TUNING CUDA APPLICATIONS FOR MAXWELL TUNING CUDA APPLICATIONS FOR MAXWELL DA-07173-001_v7.0 March 2015 Application Note TABLE OF CONTENTS Chapter 1. Maxwell Tuning Guide... 1 1.1. NVIDIA Maxwell Compute Architecture... 1 1.2. CUDA Best Practices...2

More information

Matrix Multiplication on an Experimental Parallel System With Hybrid Architecture

Matrix Multiplication on an Experimental Parallel System With Hybrid Architecture Matrix Multiplication on an Experimental Parallel System With Hybrid Architecture SOTIRIOS G. ZIAVRAS and CONSTANTINE N. MANIKOPOULOS Department of Electrical and Computer Engineering New Jersey Institute

More information

N-Body Simulation using CUDA. CSE 633 Fall 2010 Project by Suraj Alungal Balchand Advisor: Dr.
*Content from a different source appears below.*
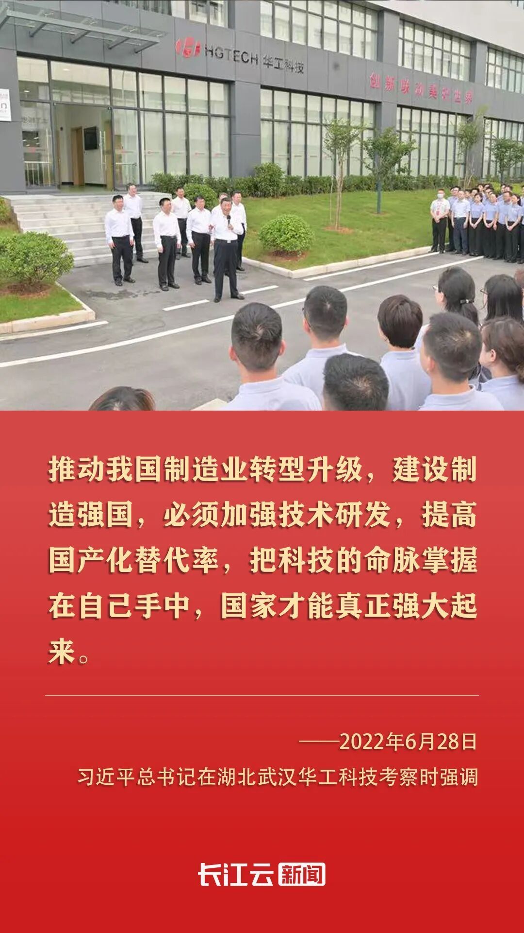 2022年6月,席大大总书记来到湖北武汉考察,第一站就来到光谷,来到华工科技。他指出,湖北武汉东湖新技术开发区在光电子信息产业领域独树一帜。要加强技术研发攻关,掌握更多具有自主知识产权的核心技术,不断延伸创新链、完善产业链,为推动我国光电子信息产业加快发展作出更大贡献。

Russ Miller State University of New York at Buffalo

N-Body Simulation using CUDA. CSE 633 Fall 2010 Project by Suraj Alungal Balchand Advisor: Dr. Russ Miller State University of New York at Buffalo N-Body Simulation using CUDA CSE 633 Fall 2010 Project by Suraj Alungal Balchand Advisor: Dr. Russ Miller State University of New York at Buffalo Project plan Develop a program to simulate gravitational

More information

CMSC 858M/AMSC 698R. Fast Multipole Methods. Nail A. Gumerov & Ramani Duraiswami. Lecture 20. Outline

CMSC 858M/AMSC 698R. Fast Multipole Methods. Nail A. Gumerov & Ramani Duraiswami. Lecture 20. Outline CMSC 858M/AMSC 698R Fast Multipole Methods Nail A. Gumerov & Ramani Duraiswami Lecture 20 Outline Two parts of the FMM Data Structures FMM Cost/Optimization on CPU Fine Grain Parallelization for Multicore

More information

A Fast Hierarchical Algorithm for Three-Dimensional Capacitance Extraction

A Fast Hierarchical Algorithm for Three-Dimensional Capacitance Extraction 330 IEEE TRANSACTIONS ON COMPUTER-AIDED DESIGN OF INTEGRATED CIRCUITS AND SYSTEMS, VOL. 21, NO. 3, MARCH 2002 A Fast Hierarchical Algorithm for Three-Dimensional Capacitance Extraction Weiping Shi, Member,

More information

Optimization solutions for the segmented sum algorithmic function

Optimization solutions for the segmented sum algorithmic function Optimization solutions for the segmented sum algorithmic function ALEXANDRU PÎRJAN Department of Informatics, Statistics and Mathematics Romanian-American University 1B, Expozitiei Blvd., district 1, code

More information

Chapter 6. Parallel Processors from Client to Cloud. Copyright 2014 Elsevier Inc. All rights reserved.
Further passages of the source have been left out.